Adenocarcinoma of the esophagus

by Jason Wasserman MD PhD FRCPC
March 6, 2023


What is adenocarcinoma of the esophagus?

Adenocarcinoma is a type of esophageal cancer. It is the most common type of esophageal cancer in developed countries and it is more common in men than women. It starts from abnormal gland-forming cells located on the inside surface of the esophagus.

esophagus adenocarcinoma
Adenocarcinoma of the esophagus. The tumour can be seen on the left side of the picture extending from the surface of the esophagus into the wall.

What are the symptoms of adenocarcinoma in the esophagus?

The most common symptoms of adenocarcinoma of the esophagus are difficulty swallowing (especially solid foods), chest pain, worsening sensation of acid reflux, and weight loss.

What causes adenocarcinoma of the esophagus?

The most common cause of adenocarcinoma in the esophagus is long-standing acid reflux from the stomach. When the inside of the esophagus is exposed to stomach acid over a long period of time, the squamous cells that normally cover the inside of the esophagus are replaced by gland-forming intestinal-type cells (cells normally found in the small intestine). These intestinal-type cells are designed to protect tissue from the strong acids in the stomach. The change from squamous cells to intestinal-type cells is called intestinal metaplasia.

Barrett’s esophagus is the name doctors use to describe intestinal metaplasia in the esophagus. Most patients with adenocarcinoma of the esophagus have had Barrett’s esophagus for many years. For this reason, Barrett’s esophagus is considered a pre-cancerous condition that can lead to adenocarcinoma.

Where in the esophagus does adenocarcinoma start?

Adenocarcinoma starts from abnormal gland-forming cells found in a thin layer of tissue on the inside of the esophagus called the mucosa. Most tumours start near the gastroesophageal junction (GEJ), where the esophagus meets the stomach.

What does it mean if adenocarcinoma of the esophagus is described as well, moderately, or poorly differentiated?

Pathologists use the term differentiated to divide adenocarcinoma of the esophagus into three grades – well differentiated, moderately differentiated, and poorly differentiated. The grade is based on the percentage of the tumour forming round structures called glands. A tumour that is not forming any glands is called undifferentiated. The grade is important because poorly differentiated and undifferentiated tumours behave in a more aggressive manner and are more likely to spread to other parts of the body such as lymph nodes.

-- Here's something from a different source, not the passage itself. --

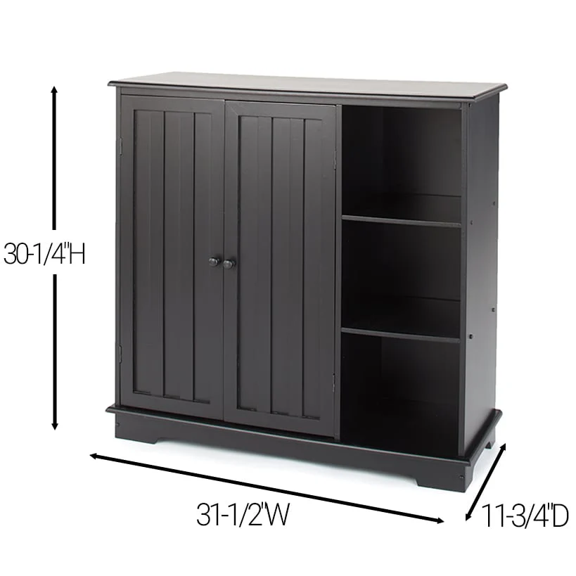 Beadboard Wooden Cabinet with 3 Storage Shelves and Cupboard

  • Well differentiated adenocarcinoma: More than 95% of the tumour is made up of glands. Pathologists also describe these tumours as grade 1.
  • Moderately differentiated adenocarcinoma: 50 to 95% of the tumour is made up of glands. Pathologists also describe these tumors as grade 2.
  • Poorly differentiated adenocarcinoma: Less than 50% of the tumour is made up of glands. Pathologists also describe these tumours as grade 3.
  • Undifferentiated adenocarcinoma: Very few glands are seen anywhere in the tumour.

How far has the tumour spread into the esophagus?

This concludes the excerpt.